Keywords: choanocytes; computational fluid dynamics; flagellar vane; low Reynolds number flow; positive displacement pump.

Figure 1.

Conceptual collar–vane–flagellum model. Flagellar vane (green) inside a sealed collar of 3.1 µm square cross section and height 13.2 µm (grey) with inlet (blue), outlet (red) and defined gaps s₁ and s₂ for flow leaks between the beating flagellum edges and the collar. (Online version in colour.)

Figure 2.

Choanocyte chamber and model. (a) Scanning electron microscope (SEM) image of the choanocyte chamber of the freshwater sponge Spongilla lacustris. Choanocyte (Ch), microvilli (MV) of collars, flagellum with vane (F), ends of collars (C) connected to the secondary reticulum (*). Reproduced with permission from [11] (license no. 4464811172505). (b) Schematic of a unit section of the choanocyte chamber holding one choanocyte. Cell (c); flagellum (fl); collar, open near cell (oc), sealed by glycocalyx mesh above (sc), and connected to other collars at distal ends by a sealed secondary reticulum (R2) bounding the high-pressure zone (hi). Arrows show inflow from the incurrent canal system through the prosopyle (pr) to the low-pressure zone (lo) bounded by the primary reticulum (R1) and through the opening at the collar base (oc). Stippled lines represent the surface between adjacent similar domains, each with one choanocyte. The flow from the many (50–80) choanocytes in the chamber leaves the high-pressure zone through a single outlet, the apopyle (not shown), leading to the excurrent canal system. (c) Choanocyte model used in the CFD study where different boundary conditions (table 1) are imposed on surfaces between adjacent choanocytes to simulate possible interactions between neighbouring choanocytes. The computational domain consists of a 3.1 µm square by 8.2 µm high collar centred in a 9 µm square by 13.2 µm high outer domain with a semi-circular prosopyle inlet of diameter 5 µm at lower right. (Online version in colour.)

Figure 3.

Effect of gap widths s₁ and s₂ on the maximum pressure delivered by the flagellum–vane–collar system (figure 1) under the ’shut-off’ condition of closed inlet and outlet. Equation (2.8) (dashed curves) fits well the CFD results (symbols).
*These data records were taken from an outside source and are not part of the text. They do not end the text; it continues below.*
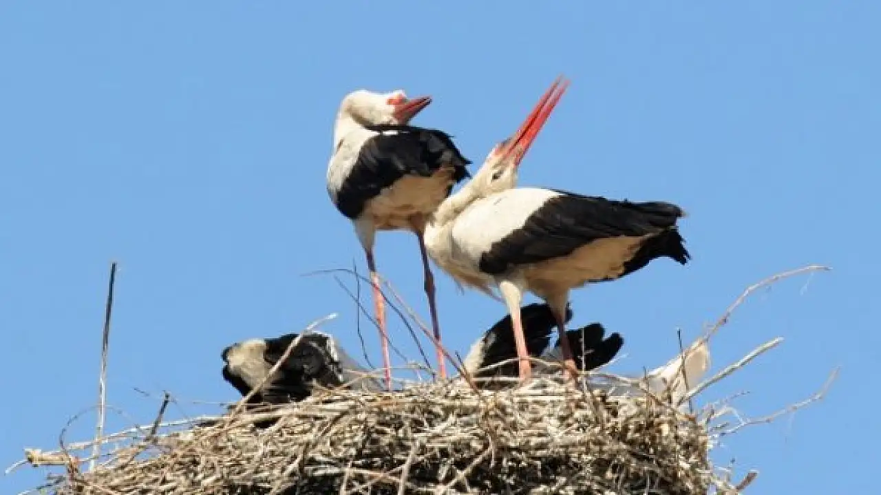 Havaların ısınmaya başlamasıyla birlikte leylekler, Çorum'un Kargı ilçesine gelmeye başladı.
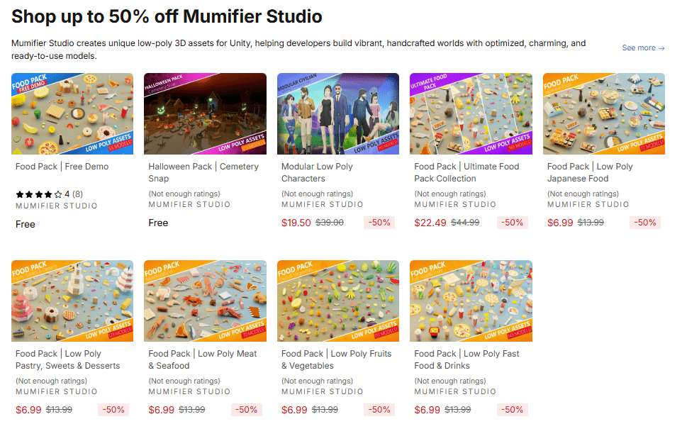 「Mumifier Studio」さんのアセットの特徴はテーマごとに用意されたローポリゴンの3Dモデル集が印象的です。
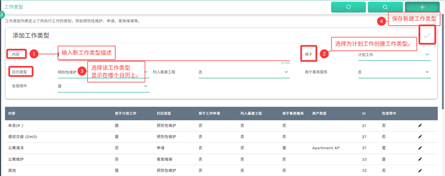 用户可以为维保计划创建新的工作类型,并添加至FPMM/PM/PMM日历中。
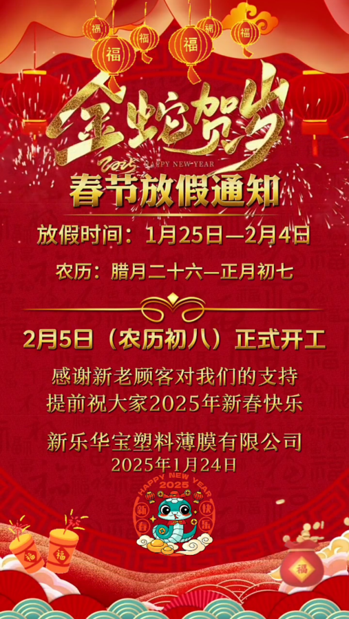 新樂華寶塑料薄膜有限公司是河北華寶塑機股份有限公司的子公司,成立于1999年。公司位于河北省新樂市,距石家莊國際機場6公里,距北京228公里,距天津港275公里,緊臨107國道和京珠高速公路,交通便利。 公司注重技術創新,引進先進水平的生產工藝及加工設備,專業從事PE流延膜的開發、研制和生產,是生產PE流延膜的專業廠家。主要產品有:三層共擠PE流延膜、透氣膜、居中印刷復合膜、低克重...更多
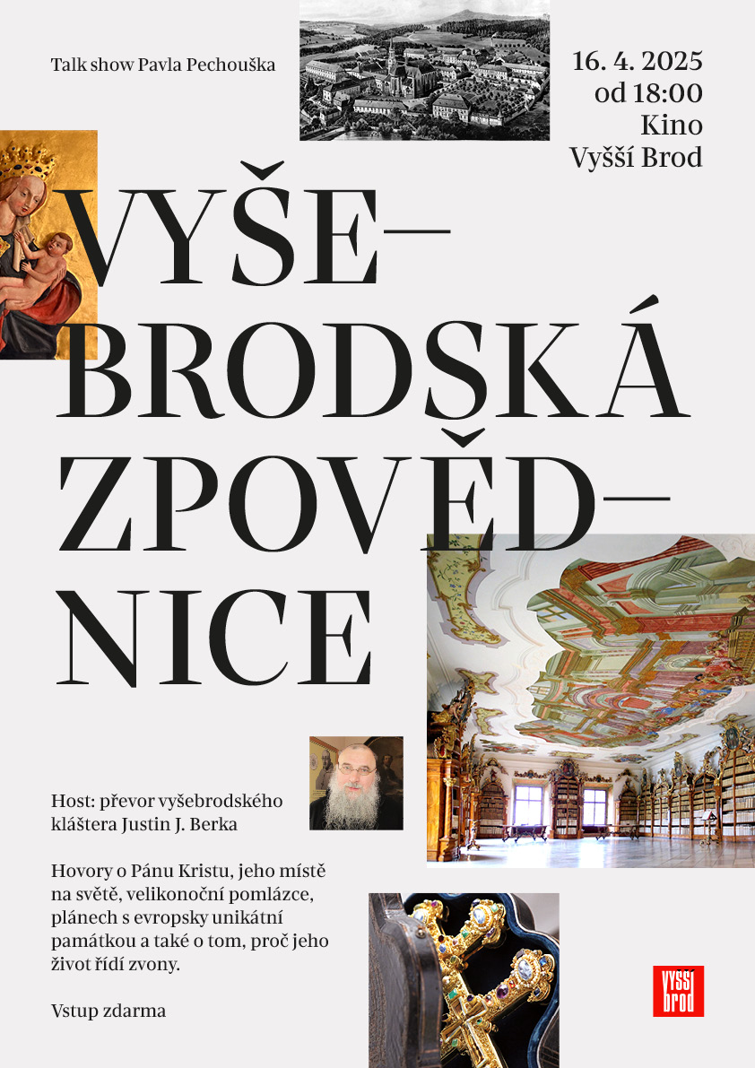 Převor vyšebrodského cisterciáckého kláštera Justin Berka bude prvním hostem nové talk show „Vyšebrodská zpovědnice“ ve vyšebrodském kinosále. Bude vyprávět nejen o plánech s klášterem, ale i o tom, proč si zvolil svou Boží cestu, a nikoliv nějakou mnohem jednodušší. Pavel Pechoušek bude moderovat rozhovor s převorem Justinem o Pánu Kristu, o jeho místě na světě, velikonoční pomlázce, o dalších plánech s evropsky unikátní památkou a také o tom, proč život převora Justina řídí zvony.
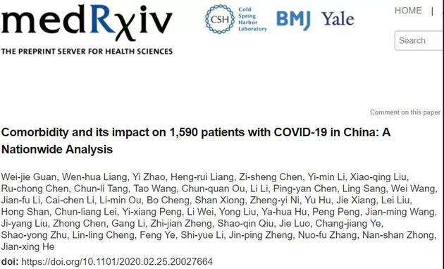 这项分析的通讯作者,是钟南山院士和广州医科大学附属第一医院的何建行教授,分析涉及了全国31个省近1600例新冠肺炎患者,其中约40%是湖北省内收治的患者。
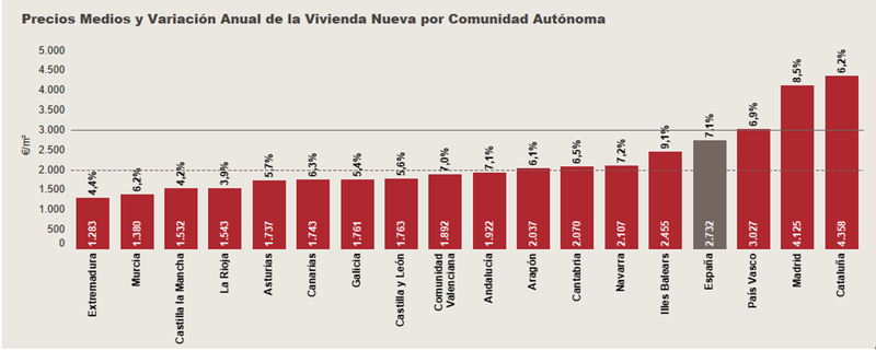 El precio de la vivienda nueva sube un 7,1% durante el último año hasta 2.732 €/m2
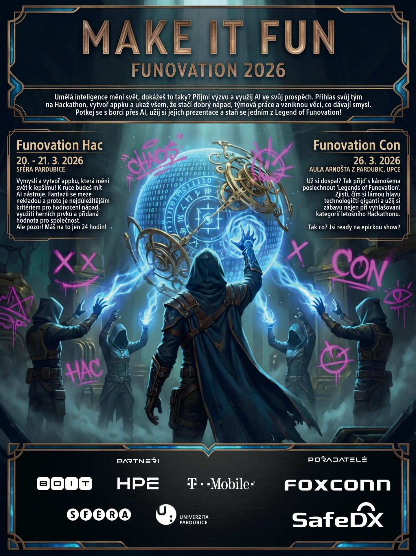 O Foxconním hackathonu už nemusíme asi mluvit, letáčky jsou ve třídách a dole na nástěnce, nejméně dva týmy už se zaregistrovaly. Kdyby někdo nevěděl, kde hledat, pak to správné místo je https://www.foxconn.cz/funovation26.

The pressure rise highly depends on the gap sizes and thus on the flagellum–collar interaction.

Figure 4.

Modelled pump characteristic (P_pump, obtained from equation (2.13) with C₁ = 0, dashed) minus estimated system characteristic (P_s, equation (3.1), dashed-dot) gives resulting back-pressure characteristic (P_b, solid) in good agreement with experimental data (symbols). *[7, fig. 1c].

Figure 5.

Velocity fields in the choanocyte model (figure 2c) with (a) and without (b) the presence of the glycocalyx mesh on the distal two-thirds length of the collar, for the case of an imposed canal system pressure loss of P_ch = 1 mmH₂O. With the mesh, the flow enters the collar at its base, and, after its pressure increases inside the sealed part of the collar, it leaves the collar toward the apopyle. Without the mesh, some flow leaks out through the distal part of the collar, reducing the net pumping rate as seen from the reduced inflow through the prosopyle at the lower right (see also figure 6). The colour bar and arrows (constant length) show the magnitude and direction of the velocity field, respectively. (Online version in colour.)

Figure 6.

Volume flow rate (Q) versus permeability of the collar for different values of imposed canal system pressure loss P_ch (mmH₂O). For P_ch = 0, the volume flow rate is constant. For increasing values of imposed system pressure loss, the fine glycocalyx mesh is essential for the pump to deliver the required flow rate.

Figure 7.

Velocity field in the choanocyte model of Spongilla lacustris without the secondary reticulum (R2 of figure 2c) for no imposed system pressure loss (P_ch = 0). While the flow through the collar exit is nearly the same as with the reticulum (Q ∼ 453 µm³ s⁻¹) the net flow rate leaving the choanocyte model is very low (Q = 60 µm³ s⁻¹) because the pressure provided by the flagellum drives a strong backflow from the exit of the collar to its base as there is no reticulum to stop this. The colour bar and arrows (constant length) show the magnitude and direction of the velocity field, respectively. (Online version in colour.)